The Centre is considering several measures to combat the growing menace of plastic, focusing on production, usage, and recycling.
The government may also consider telling large e-commerce companies such as Amazon India and Flipkart Ltd to stop using as much plastic as they do. It will also try to make more roads with plastic, government officials familiar with the matter said, detailing the government’s war on plastic which also found a mention in the Prime Minister’s Independence Day speech.
Jal Shakti minister Gajendra Sekhawat said last week that a mission will be launched on September 17 — also Prime Minister Narendra Modi’s birthday — for collecting, segregating and recycling plastic across the country. “We are looking for complete disposal of plastic waste after Prime Minister Narendra Modi gave a clarion call from the ramparts of the Red Fort (on August 15) to make India plastic-free. We have to convert this movement into a jan andolan (people’s movement) just like Swachh Bharat,” Shekhawat said on Friday.
Around 15,000 tonnes of plastic waste is generated in India every day, of which only 9,000 tonnes is collected and recycled, according to the ministry of environment, forest and climate change. Around 40% of the plastic used in disposable products, such as grocery bags, cutlery and straws, ends up choking landfills, drains, rivers and getting leached into soil and water.

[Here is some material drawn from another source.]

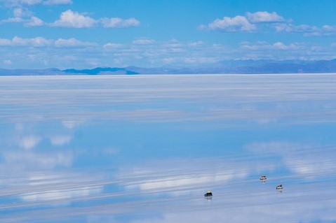 ウユニ塩湖を走行する車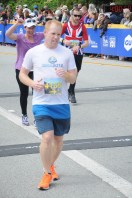 And then you know the end is near. There are fresh strawberries around mile 23, a group of people at the last hill telling you it’s the last hill, and many more spectators and racers from the other races on the course that day. Then you can see the flags near the end and then the end. I started to “sprint” as much as a person could at that point to the finish. I saw the clock time read 4:00:58. Since I started the race a little after the gun I knew I’d made my goal for sure. I raised my hands in joy and exhaustion and then burst into tears. I’d done it! A volunteer put a medal around my neck and a gal near me asked if I was okay. I said, “I did it! I did it in 4 hours!” She told me she knew and asked if I needed a hug. I couldn’t speak at that point, but nodded with a yes.

PM Narendra Modi called on people to stop use of single-use plastic bags in his Independence Day speech this year.
“I request citizens to see if we can make India single-use plastic free from October 2 (Gandhi Jayanti). Schools, colleges, municipalities, urban bodies, gram panchayats can collect single use plastic bags from their areas and on October 2 we can take up the task of phasing out use of single use plastic bags in a big way,” Modi said.
A high-level meeting involving secretaries of select ministries and officials from the Prime Minister’s Office took place on Thursday to discuss how to implement the PM’s plan. According to the government officials cited in the first instance, a number of new regulations are expected to come in place to curb production and consumption of plastic while many new measures will also be taken for better recycling.
The ministries of environment, and housing and urban affairs will focus on implementing Plastic Waste Management Rules, 2016, to regulate manufacture, sale, distribution and use of plastic carry bags and plastic sheets for packaging, the officials said. Plans are also being finalised to introduce phasing out four single-use plastic products — styrofoam cups, plastic water bottles, disposable plastic cutlery and plastic carry bags — on a voluntary basis at first, and then mandatorily.
While a lion’s share of plastic is generated in urban centres, the rural development ministry too, plans more use of plastic waste in its works. “We have 3.1 million lakh elected gram panchayat members and another 60 million women in self help groups. We are launching community connect programmes to ensure villages are free from single plastic use. We will also emphasise on segregation of solid waste so that plastic can be used for building rural roads,” said rural development secretary Amarjeet Sinha.
He added that the rural roads programme has so far built 8,000 to 10,000 kms using plastic to reduce bitumen. “Around 15% of our roads were built through green technologies that include plastic, fly ash cell filled concrete. Now, at least 25% of our roads will be built using plastic,” said Sinha, adding that Tamil Nadu has developed an efficient system of solid waste management which will likely to be used as one of the models in the country’s renewed war against plastic.
A senior government official insisted that a clampdown on production of plastic, but that this would be difficult. “The problem in India is that many plastic packs, especially those used for gutkha (chewing tobacco) and other items, come from small units which are not even registered with the government. In order to make our action against plastic more effective, there has to be a clampdown on such units.”
India has pledged to eliminate single-use plastic by 2022 which, along with leading the International Solar Alliance, won PM Modi the United Nations Environment Programme’s Champions of the Earth award.
Flipkart said it is already working towards reducing plastic packaging in its value chain. “Sustainability is a very big agenda for Flipkart. We are not only focusing on renewable energy, waste management, water management, last mile electric vehicle (EV) connectivity, but also proactively experimenting and working with partners on reducing plastic packaging in the value chain,” said Rajneesh Kumar, chief corporate affairs officer, Flipkart Group
Officials at Amazon could not immediately be reached for comment.
Tiny bits of plastic have been found everywhere, from city dust to drinking water to Arctic ice floes and the Mariana Trench, 36,000 feet below the earth’s surface. On Thursday, the World Health Organization released a report on the health effect of drinking plastic-infused water and concluded that given the limited scientific evidence, drinking microplastics does not damage human health.